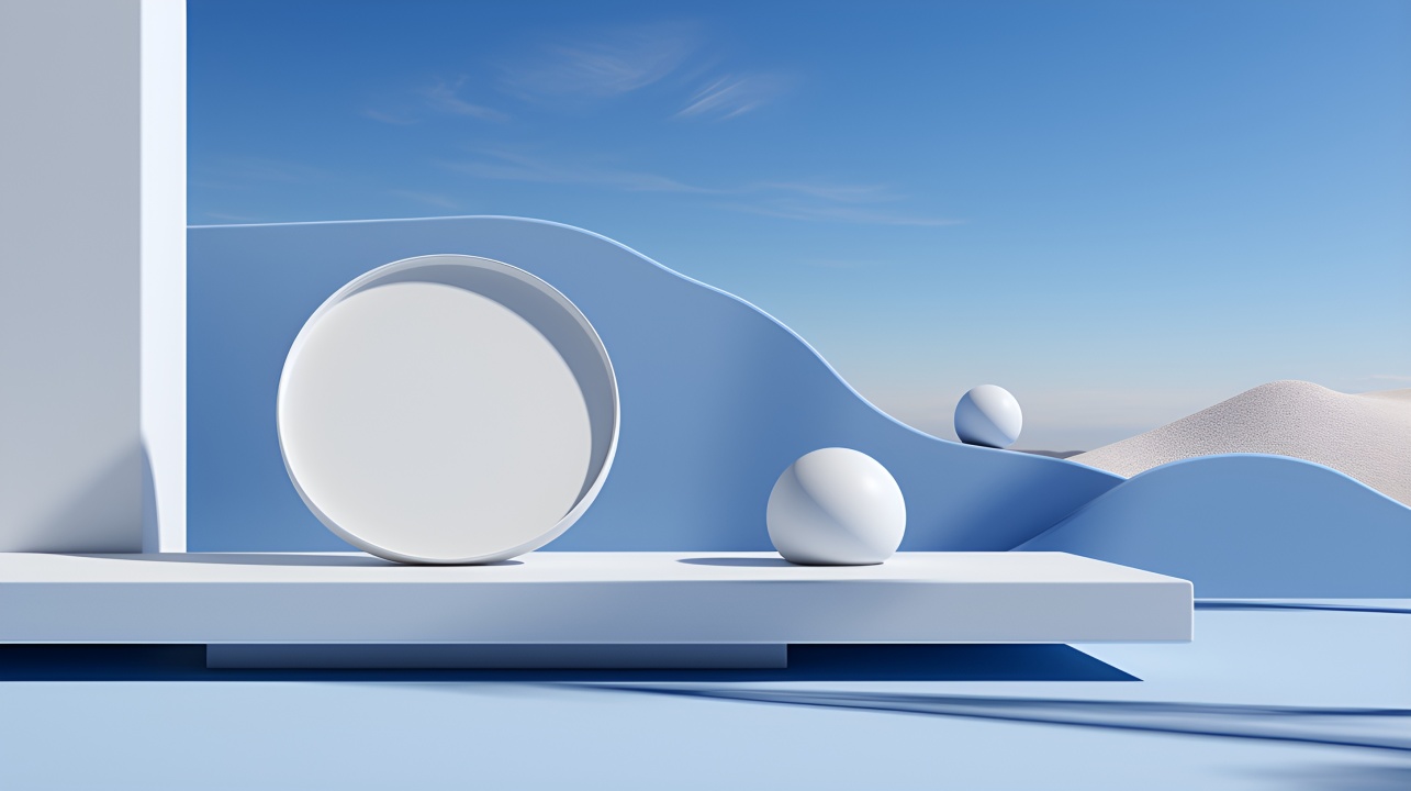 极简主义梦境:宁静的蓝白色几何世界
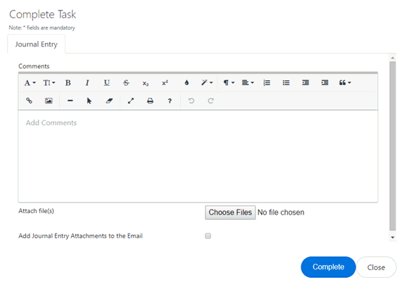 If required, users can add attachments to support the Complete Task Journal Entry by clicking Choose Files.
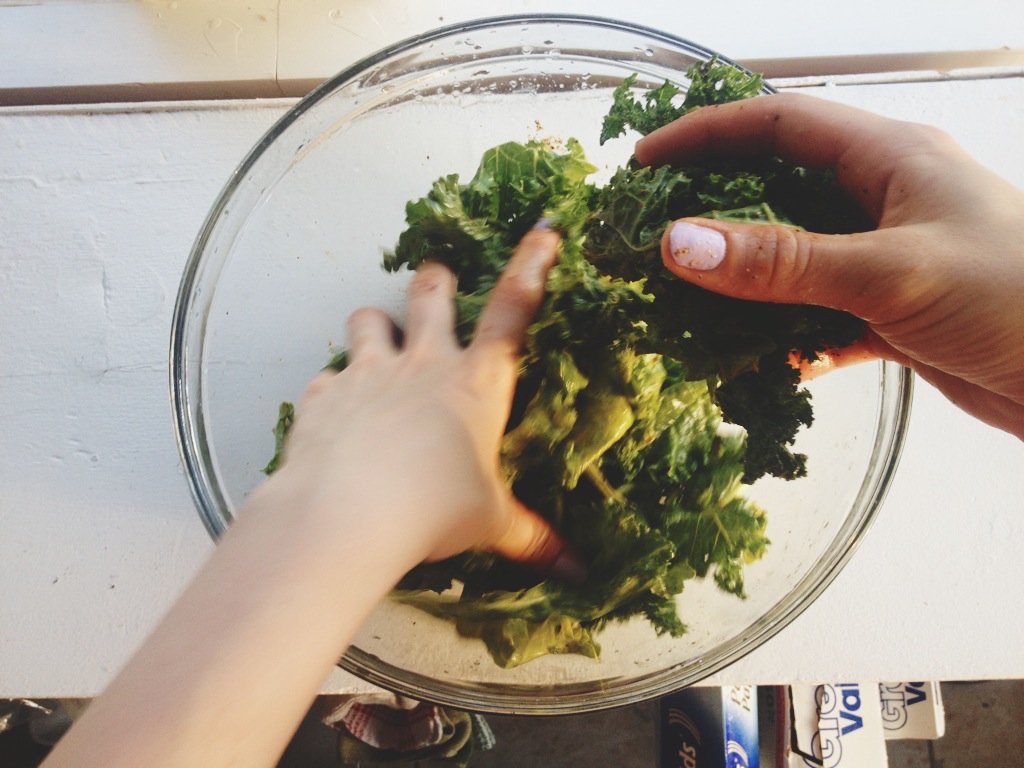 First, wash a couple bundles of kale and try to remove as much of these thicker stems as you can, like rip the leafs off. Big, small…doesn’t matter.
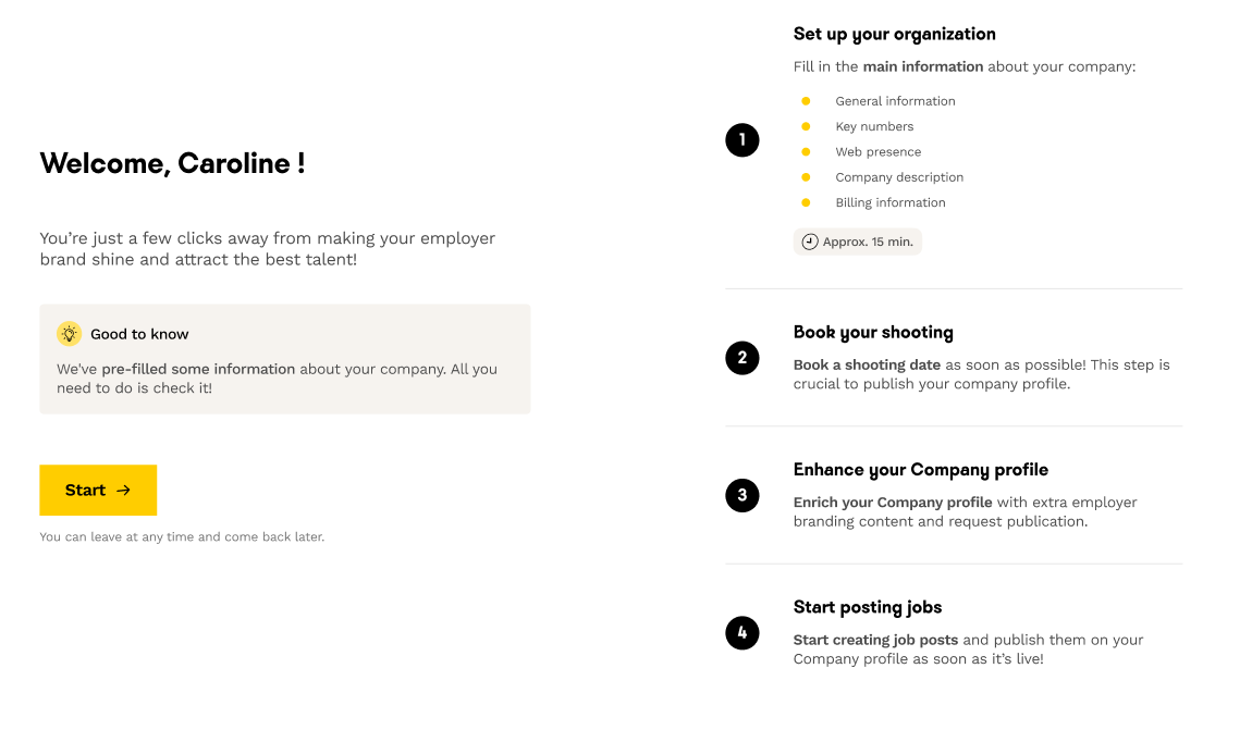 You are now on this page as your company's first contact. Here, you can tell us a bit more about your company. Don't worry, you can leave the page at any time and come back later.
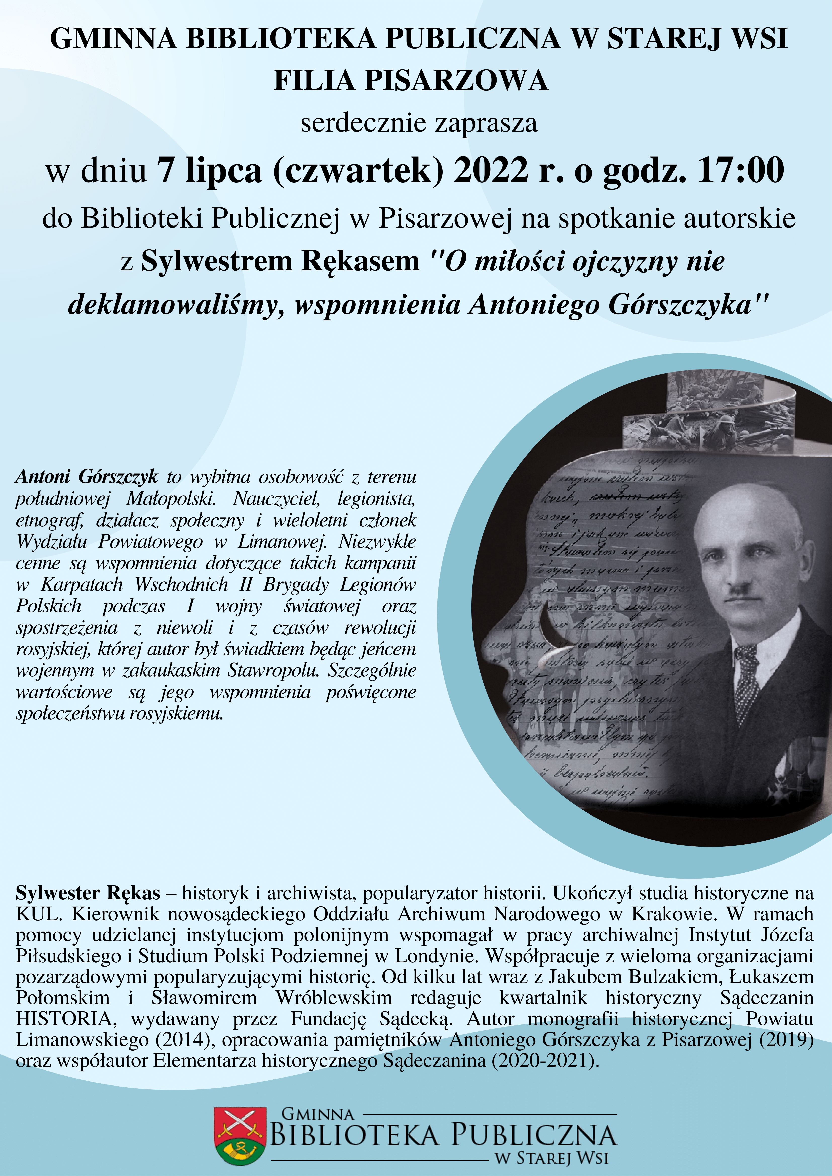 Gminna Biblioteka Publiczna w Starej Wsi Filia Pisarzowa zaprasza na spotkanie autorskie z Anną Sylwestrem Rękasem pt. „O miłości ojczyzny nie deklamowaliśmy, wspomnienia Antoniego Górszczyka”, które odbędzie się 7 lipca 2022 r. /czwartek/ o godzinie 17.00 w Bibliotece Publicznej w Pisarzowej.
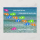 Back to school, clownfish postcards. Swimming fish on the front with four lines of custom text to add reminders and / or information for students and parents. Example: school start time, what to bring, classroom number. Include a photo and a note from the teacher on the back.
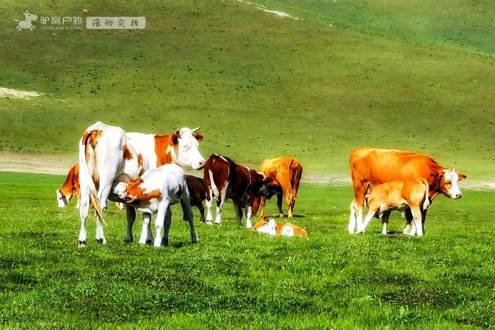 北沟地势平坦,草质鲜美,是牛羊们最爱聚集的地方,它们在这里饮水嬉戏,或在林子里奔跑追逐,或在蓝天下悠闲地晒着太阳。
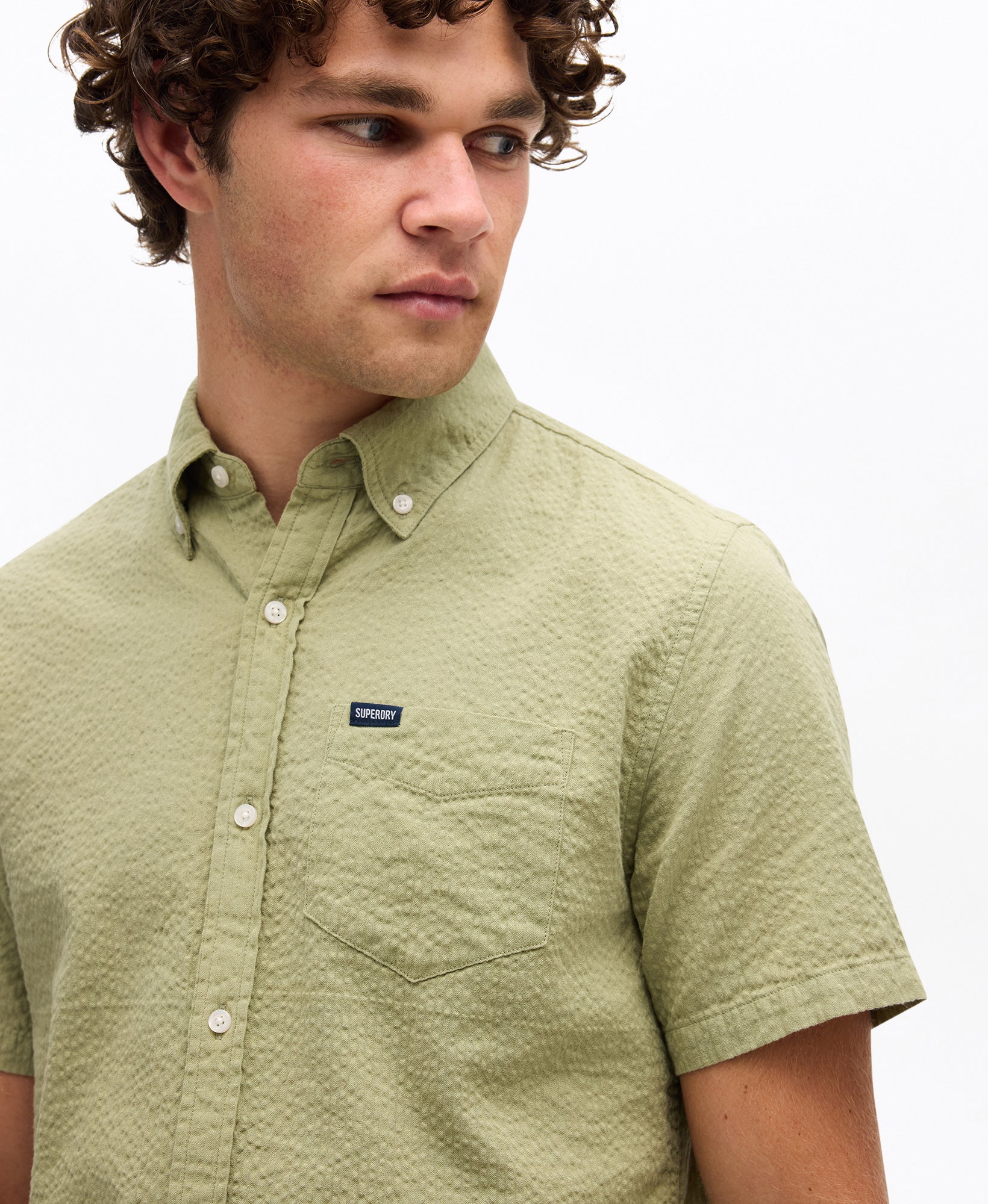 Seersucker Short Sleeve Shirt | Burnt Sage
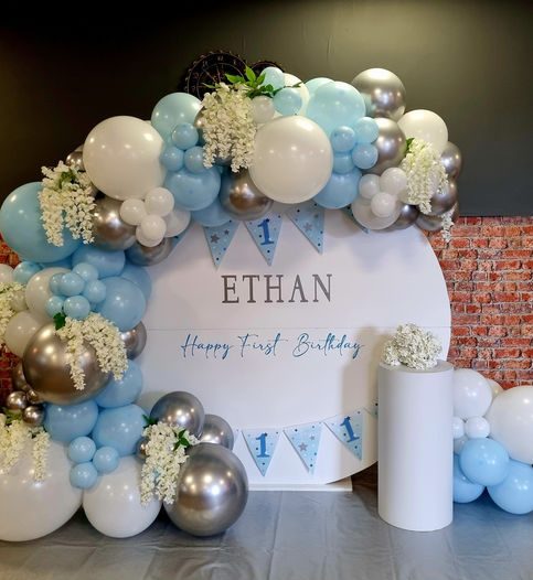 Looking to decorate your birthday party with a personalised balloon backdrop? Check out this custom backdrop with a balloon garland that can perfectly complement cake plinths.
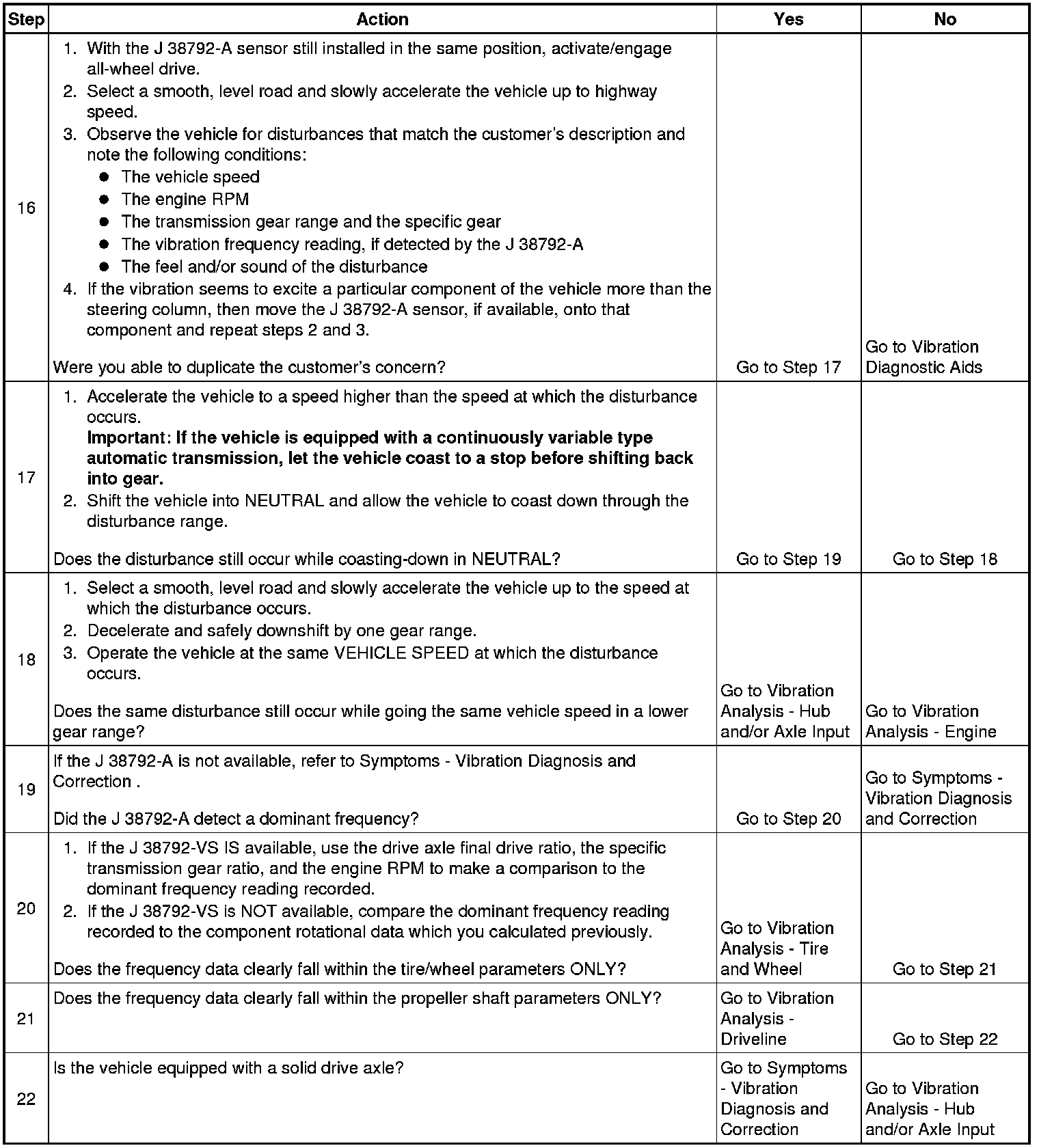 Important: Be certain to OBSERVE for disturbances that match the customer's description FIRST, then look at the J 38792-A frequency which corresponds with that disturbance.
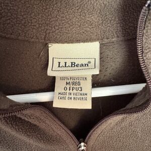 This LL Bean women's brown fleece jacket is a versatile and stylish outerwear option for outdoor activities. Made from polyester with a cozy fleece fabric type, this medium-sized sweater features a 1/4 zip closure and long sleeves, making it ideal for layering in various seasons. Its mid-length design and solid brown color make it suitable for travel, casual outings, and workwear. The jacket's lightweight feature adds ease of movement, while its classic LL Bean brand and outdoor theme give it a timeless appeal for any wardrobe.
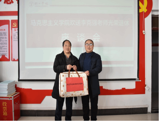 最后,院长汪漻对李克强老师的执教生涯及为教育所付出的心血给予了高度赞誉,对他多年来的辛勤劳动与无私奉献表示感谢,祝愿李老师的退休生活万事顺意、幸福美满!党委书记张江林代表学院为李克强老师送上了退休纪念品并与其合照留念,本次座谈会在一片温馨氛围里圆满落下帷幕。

### Your goal
The result should be the full material above, word for word, with its pictures omitted.

### Reply to the exercise
 极简主义梦境:宁静的蓝白色几何世界
 If required, users can add attachments to support the Complete Task Journal Entry by clicking Choose Files.
 First, wash a couple bundles of kale and try to remove as much of these thicker stems as you can, like rip the leafs off. Big, small…doesn’t matter.
 You are now on this page as your company's first contact. Here, you can tell us a bit more about your company. Don't worry, you can leave the page at any time and come back later.
 Gminna Biblioteka Publiczna w Starej Wsi Filia Pisarzowa zaprasza na spotkanie autorskie z Anną Sylwestrem Rękasem pt. „O miłości ojczyzny nie deklamowaliśmy, wspomnienia Antoniego Górszczyka”, które odbędzie się 7 lipca 2022 r. /czwartek/ o godzinie 17.00 w Bibliotece Publicznej w Pisarzowej.
 Back to school, clownfish postcards. Swimming fish on the front with four lines of custom text to add reminders and / or information for students and parents. Example: school start time, what to bring, classroom number. Include a photo and a note from the teacher on the back.
 北沟地势平坦,草质鲜美,是牛羊们最爱聚集的地方,它们在这里饮水嬉戏,或在林子里奔跑追逐,或在蓝天下悠闲地晒着太阳。
 Seersucker Short Sleeve Shirt | Burnt Sage
 Looking to decorate your birthday party with a personalised balloon backdrop? Check out this custom backdrop with a balloon garland that can perfectly complement cake plinths.
 Important: Be certain to OBSERVE for disturbances that match the customer's description FIRST, then look at the J 38792-A frequency which corresponds with that disturbance.
 This LL Bean women's brown fleece jacket is a versatile and stylish outerwear option for outdoor activities. Made from polyester with a cozy fleece fabric type, this medium-sized sweater features a 1/4 zip closure and long sleeves, making it ideal for layering in various seasons. Its mid-length design and solid brown color make it suitable for travel, casual outings, and workwear. The jacket's lightweight feature adds ease of movement, while its classic LL Bean brand and outdoor theme give it a timeless appeal for any wardrobe.
 最后,院长汪漻对李克强老师的执教生涯及为教育所付出的心血给予了高度赞誉,对他多年来的辛勤劳动与无私奉献表示感谢,祝愿李老师的退休生活万事顺意、幸福美满!党委书记张江林代表学院为李克强老师送上了退休纪念品并与其合照留念,本次座谈会在一片温馨氛围里圆满落下帷幕。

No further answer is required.